Universities change admission requirements

Lindsay Dodd, Staff Reporter

After many years of students being required to take the ACT to be admitted into their particular college, several colleges have made the decision to waive ACT requirements after the everlasting effects of the COVID-19 pandemic. 

The ACT is a standardized test that most juniors and seniors take to receive a score used for college admissions. The test covers four areas of academics: English, math, reading and science. It also offers an optional writing test as well. 

During the test, students have specific amounts of time to complete each section. The English section is 45 minutes with 75 questions to answer, while the science section is 35 minutes with 40 questions to answer. 

The American Colleges Testing program has been around for 62 years, but after years of students dreading the test, many colleges have decided to exempt it from the admissions process. 

Many senior students from the 2019-20 school year had stated that during the pandemic, their families had faced financial difficulties, which made it difficult to see college in their future. Since so many students have had this same issue, many colleges have become lenient with their requirements. 
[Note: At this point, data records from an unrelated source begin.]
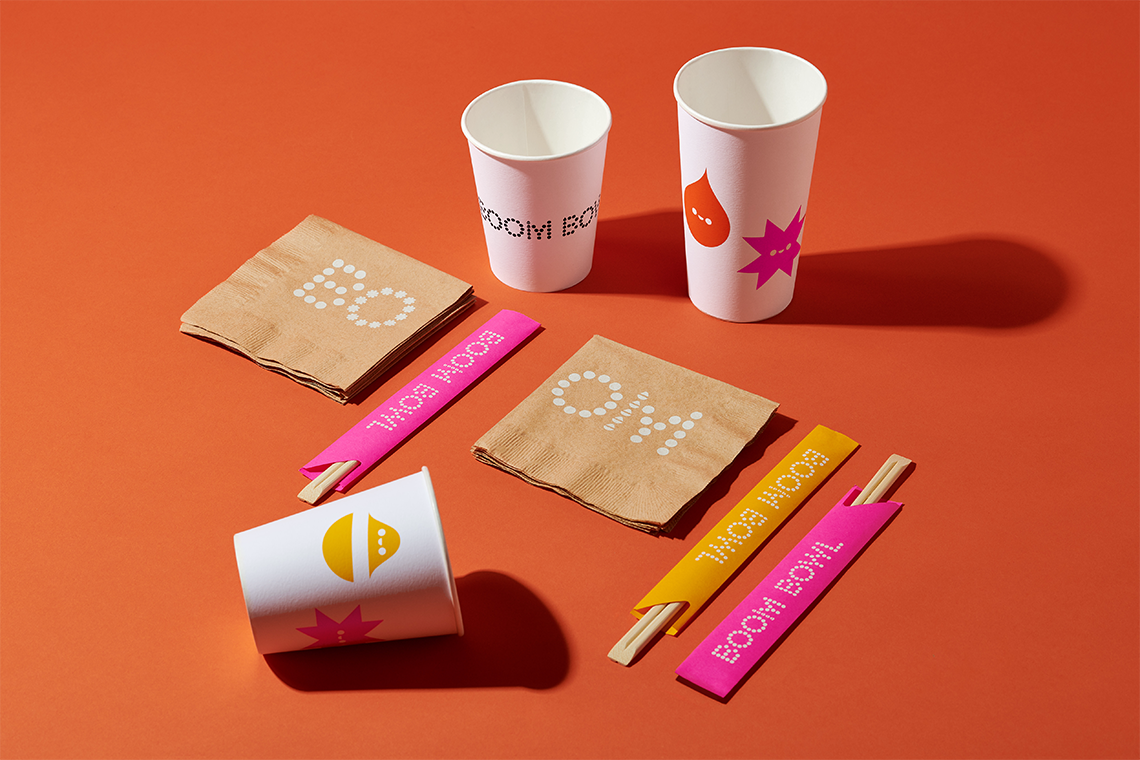 Creamos una tipografía dinámica basada en Lab Grotesque de Letters From Sweden con un sistema basado en puntos que incluye cuatro iconos funcionando individualmente y representando los componentes que conforman al platillo: base, proteína, toppings, y ade
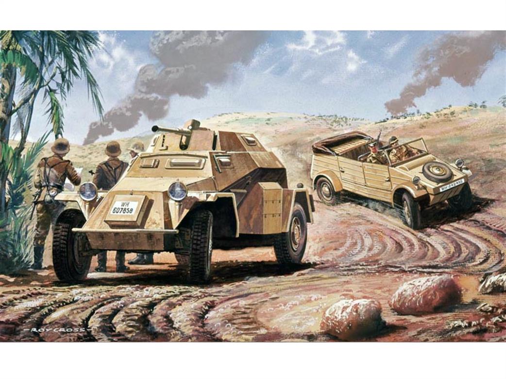 Armament consisted of a 2cm high velocity anti-tank gun and an MG34 machine gun. The K?belwagen also featured in this kit, was developed from the commercial Volkswagen by Dr. Ferdinand Porsche. Used mainly for reconnaissance, it was the workhorse of the German Army. By the end of WWII over 52,000 had been built. The 985cc engine had a maximum road speed of 80 k.p.h.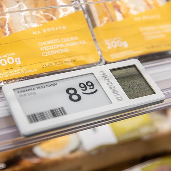 The Żabka Eko Smart in Poznań uses one of the world's first perovskite installations. This breakthrough, highly efficient photovoltaic technology generates green energy from sunlight and artificial light. It was used for the shutters on one of the walls of the building and the price display strips installed on the shelves with merchandise, which saves paper.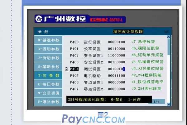 No. 254 program solidification restriction, parameter P404_d0:0-prohibited, 1-allowed, as shown in Figure 2;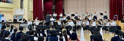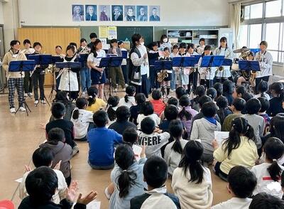 第八中学校体育館を会場に、地区別音楽会が開催されました。会場の第八中学校をはじめ、鶴指小、大和田小、平田小の4校の吹奏楽部が日ごろの練習の成果を披露しあったのです。素敵な音が響き渡りました。写真は、平田小と第八中の演奏の様子。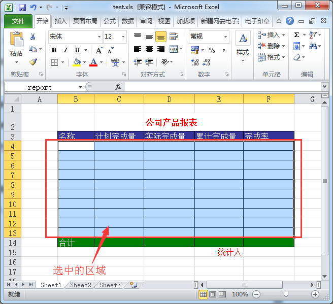 - 在本地磁盘上打开一个Excel文件模板,选中需要填充数据的单元格区域,如B4:F13,如下图所示;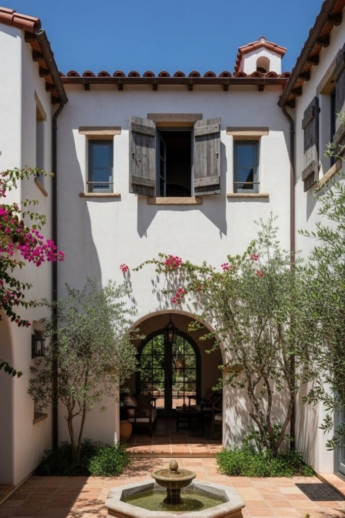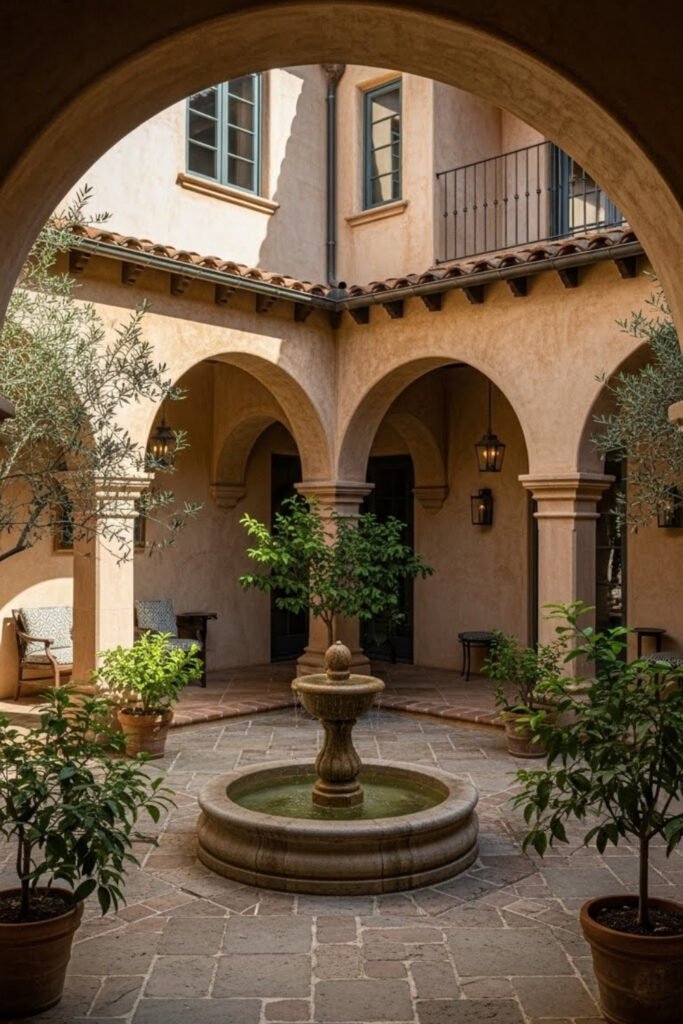 A courtyard fountain adds movement and sound that instantly makes a Mediterranean home feel calm. Even a small stone fountain works well in compact courtyards.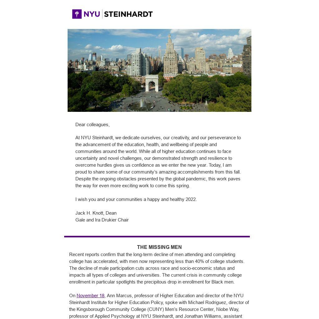 At NYU Steinhardt, we dedicate ourselves, our creativity, and our perseverance to the advancement of the education, health, and wellbeing of people and communities around the world. While all of higher education continues to face uncertainty and novel challenges, our demonstrated strength and resilience to overcome hurdles gives us confidence as we enter the new year. Today, I am proud to share some of our community’s amazing accomplishments from this fall. Despite the ongoing obstacles presented by the global pandemic, this work paves the way for even more exciting work to come this spring.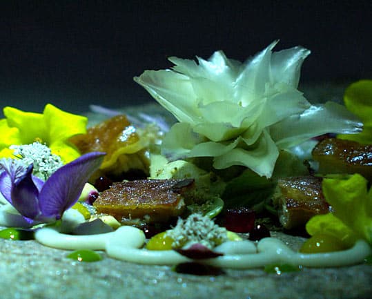 The twelve courses, each with their own ‘theme’ through which they are intended to evoke certain emotive states, are accompanied by other art forms such as poetry, projected visual imagery and robotic musicians (innovation is, indeed, at the core of the project), taking the guests – the audience, if you will – on a journey, not only through the story of the ‘opera’ itself, but a journey of self-exploration. You could, perhaps, call it intrusion at its most beautiful and sublime. ‘Acts’ of the banquet include a variety of rather engaging titles, such as ‘Space’, ‘War’, ‘The Garden of Hesperides’ and ‘Carnality’, the courses of which contain food arrangements to match their particular imageries. The cuisine for Act 9, ‘War’, for example, is Goose Royale complete with beetroot “blood droplets” and Act 7, ‘Carnality’, involves a rose theme – juice of pigeon hen breast displayed in the shape of a rose, accompanied by grilled roses and rose water droplets. Similarly, Act 4, ‘Under the Sea’ is a delightfully varied seafood platter; and the final act, ‘Awakening/Sweet Spring’, resembles a Spring landscape – a candy floss “cloud”, flowers, honey, and even butterflies. What’s more, each course is paired with a specially selected wine, each of which aspires to “stimulate new sensations”; “achieve new reactions.” Some of the wine on the menu even has not yet been distributed to the public.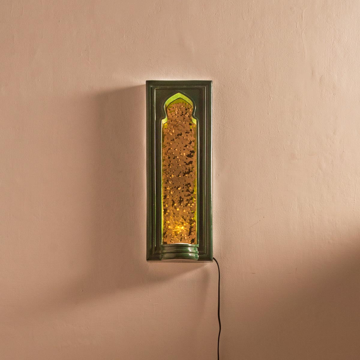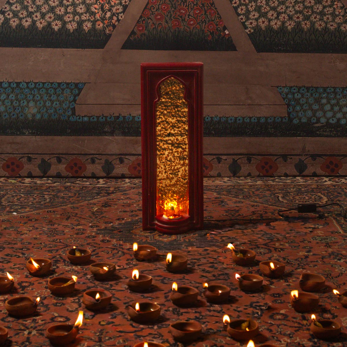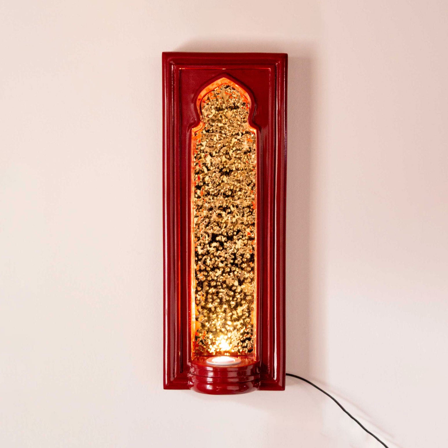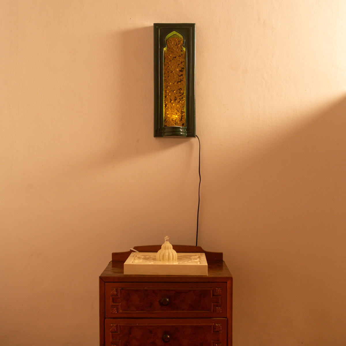 The Sheesh Jharoka wall lamp is inspired by the mirrored ceilings of Sheesh Mahal. The lamp comes alive with tiny glimmers when illuminated.

Many 2020 college freshmen and 2021 high school seniors have been allowed to do away with their ACT scores for the 2020-21 school year and 2021-22 school year. 

Instead of focusing on what ACT or SAT score a student has received, admissions staff will focus more on essays, grades, coursework and the students’ interest in attending college. 

Although many colleges will only be removing tests from admissions for the upcoming school year, other colleges have decided to allow students to eliminate this requirement from admissions beyond the 2021 – 22 school year. 

The University of Virginia came out with a statement in January saying that they will continue with their “test-optional” requirements for the next two years because they want high school students to focus more on their successes in their families, schools and communities. 

As for local universities, such as Kansas State, which have never required an ACT score only a GPA [Grade Point Average], they have also decided to do away with this requirement. Recently, Kansas University announced that they would stop requiring this test score, after the COVID-19 pandemic, which made it difficult for students to take the test. This recent change will help them remain competitive nationally since many other Kansas schools do not require it. 

Although schools have removed the ACT from their requirements for the coming school years, colleges still continue to push high school success and hard work. With effort and dedication, students should not be worried about their acceptance to college.